Savannah McCarthy the leading light in Ireland’s bright under-19 side

International defender the rock on which Irish success is being built

Savannah McCarthy won The Irish Times/Irish Sports Council Sportswoman Award for April. Photograph: Ryan Byrne/Inpho

Savannah McCarthy won The Irish Times/Irish Sports Council Sportswoman Award for April. Photograph: Ryan Byrne/Inpho

 

The Irish Times/Irish Sports Council Sportswoman Award for April: Savannah McCarthy (Soccer)

If at first you don’t succeed . . . a year ago Dave Connell’s under-19 team opened their qualifying campaign for the European Championships with five wins out of five, the last two over Italy and the Netherlands in the second qualification phase, leaving them needing just a draw against Sweden to go through. It wasn’t to be, a 2-0 defeat by the then reigning European champions ending their hopes.

A year on, they tried again, and in July they will take their place alongside Europe’s elite – hosts Norway, the Netherlands, England, Spain, Scotland, Sweden and Belgium – having qualified for the tournament for the very first time.

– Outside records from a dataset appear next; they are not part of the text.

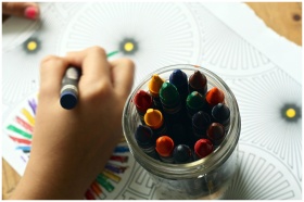 A child drawing with colorful crayons, fostering creativity and fun in a learning environment.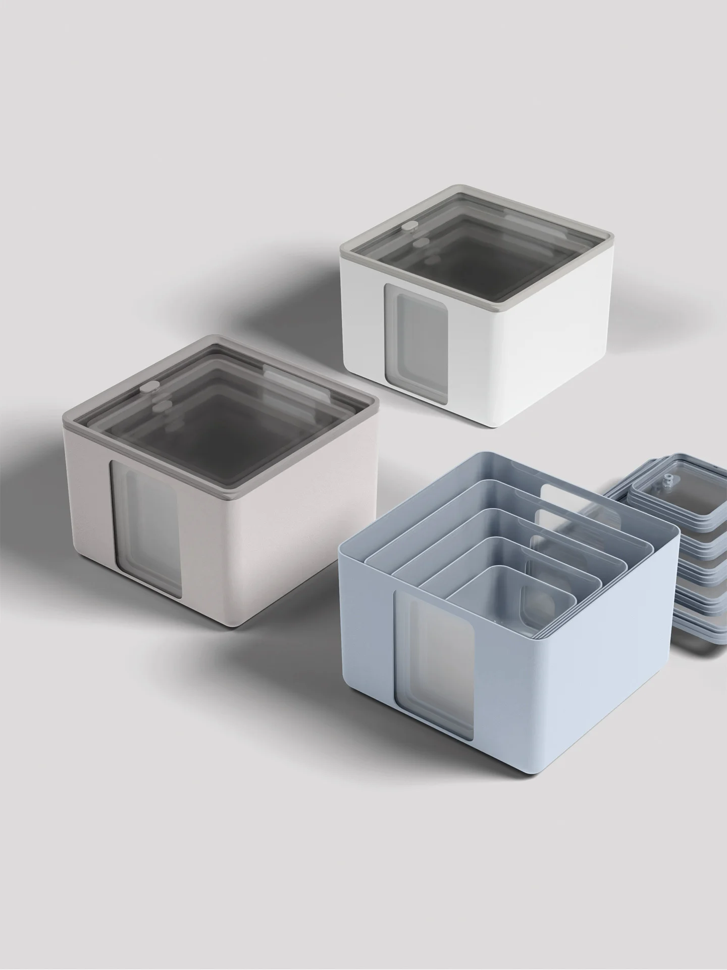 Zestaw pojemników dostępny jest w sześciu pastelowych kolorach, które można ze sobą łączyć, tworząc ciekawe trzech różnych rozmiarach można wkładać jeden w drugi, co pozwala na efektywne przechowywanie i oszczędność miejsca.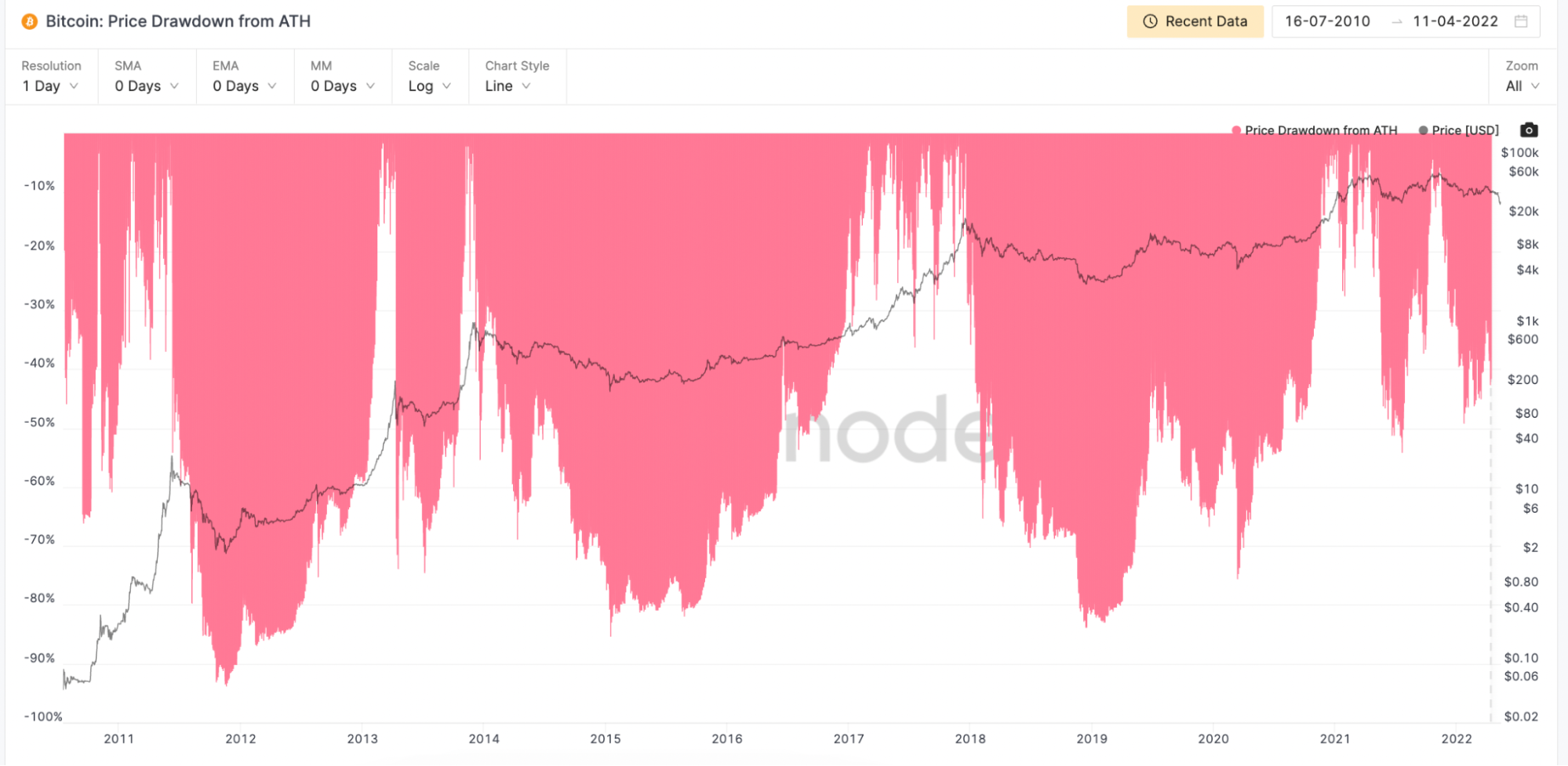 Recent years have seen shorter, smaller rallies and shorter, smaller drawdowns. This chart suggests that 50% drawdowns are the new normal, instead of 85%.

The team remained unbeaten through all six of their qualifying games, and in the second phase in the Netherlands last month didn’t concede a single goal against Austria, the hosts and Turkey, Mayo Gaelic footballer Sarah Rowe getting the winner against the Turks having been set up by Clare Shine, who’d got the winner against Austria, the former Cork camogie player – all-rounders, this lot.

Ireland were beaten to top spot in their group by the Netherlands on goal difference, but qualified as the best runners-up, thereby eliminating Germany, the most successful nation at under-19 level.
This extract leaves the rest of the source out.